Q120 - How_does_RAIDT_relate_to_Information_Systems_governance
Q120 — How does RAIDT relate to Information Systems governance?
← RAIDT · Star S7 - Academic Theory and Design Logic · primary item: S7.10 · IS governance theory
Appears in sources
integrated_82#Q2.9
Answer
RAIDT relates to Information Systems governance as a complementary and operational extension rather than a replacement. The papers argue that IS governance already provides the right conceptual foundations: governance depends on artefacts, routines, roles, and decision rights organised so that digital action becomes reviewable and coordinated. RAIDT enters at the point where those established governance expectations become difficult to enact for generative AI, namely the configured use event. High-level policies, model cards, audit programmes, and procurement controls remain necessary, but they do not by themselves preserve one disputed run in a form that can be reconstructed across functions. RAIDT addresses that missing layer by defining the run as the unit of governance and by making a run-level evidence pack the proof object through which governance can be inspected in practice.
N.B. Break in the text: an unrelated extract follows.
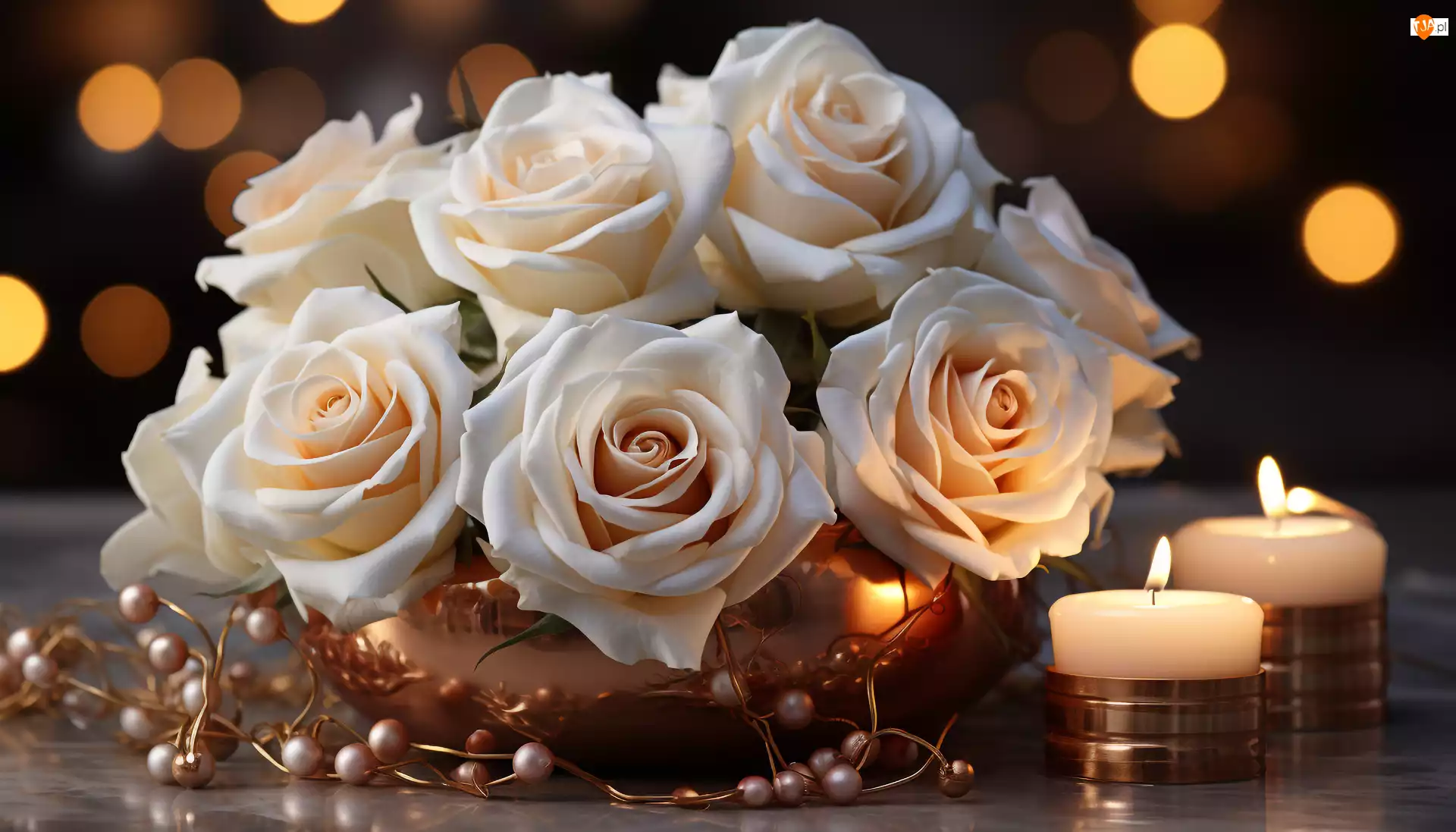 Białe, Kompozycja, Wazon, Świeczki, Róże, Koraliki

The relationship is therefore translational. RAIDT connects organisation-level governance intentions to use-level evidence, so that review, challenge, sampling, escalation, and learning can occur on the basis of preserved records rather than recollection. Its score profile gives a shared language for judging the five pillars (Responsibility, Auditability, Interpretability, Dependability, Traceability), and the anchors 1=missing / 3=partial / 5=audit-ready support comparable assessment across runs, teams, and suppliers. Crucially, the academic-logic paper shows that influence methods as governance interventions must also be governed, because retrieval, prompting, adaptation, and alignment change both outputs and evidentiary obligations. RAIDT therefore relates to IS governance by making configured GenAI use governable in the same socio-technical sense that IS governance has long required: not only controlled in principle, but reviewable through concrete information objects.
Practical example
Consider cybersecurity alert triage. An organisation may already have an approved AI service, an incident policy, and managerial accountability for the workflow. RAIDT adds the missing IS-governance layer at the level of one alert triage run. The run-level evidence pack records the structured prompt, retrieval snapshot from the approved threat-intelligence source, model and tool versions, confidence markers, repeat-run stability checks, and any escalation to human supervision.
This lets the security lead, audit team, and compliance staff work from the same governance object. If the output is challenged after an incident, they can test Dependability and Auditability from evidence rather than from narrative assurance. The workflow is still governed by broader policy, but RAIDT makes that policy inspectable in one concrete case and shows whether the configuration was actually governance-ready.